"Untuk melestarikan musik keroncong kita tidak boleh kolot!" Tanpa ragu Sundari Soekotjo menegaskan hal itu, ketika ditanya apa yang harus dilakukan untuk melestarikan musik keroncong yang kini makin dijauhi anak muda.
Itu mungkin sebabnya, dalam acara Keroncong Week yang digagasnya, perempuan yang biasa disapa dengan mbak Unti ini menggandeng sejumlah pemusik dari berbagai genre.
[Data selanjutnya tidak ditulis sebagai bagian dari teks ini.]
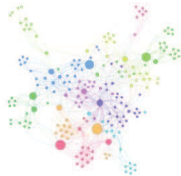
Fig. 4. Network of concepts generated for December 12, 2013 containing the hashtag: #noalospluris.
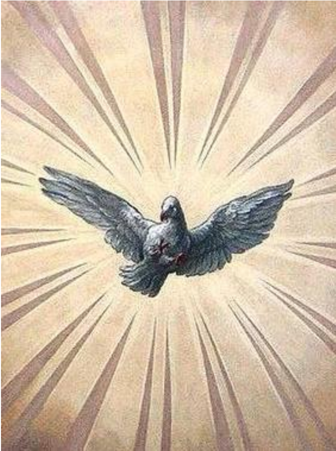
Fresco of the pentecostal dove (representing the Holy Spirit) at the Karlskirche in Vienna, Austria.

Pastoral Care pastoralcare@gordonunitedchurch.ca
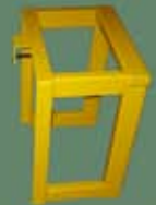
Front Gate Extension

Tak hanya jazz, perempuan yang pekan ini akan merayakan ulang tahunnya yang ke-50 ini mengajak penyanyi pop, dangdut atau bahkan rock berduet bersamanya.
Maka pencinta keroncong dibuat berdecak kagum menyaksikan Mbak Unti berduet bersama Yana Yulio, Iman “J Rocks”, Candil, Dira Sugandi, Kunto Aji, Rieka Roeslan, Dewi Gita, Ikke Nurjanah, Indra Aziz, Angel Pieters dan Winda Viska. Dan kali ini penonton tak hanya disuguhi suara merdu ibu satu anak ini, tapi juga lenggang lenggok tubuhnya yang gemulai.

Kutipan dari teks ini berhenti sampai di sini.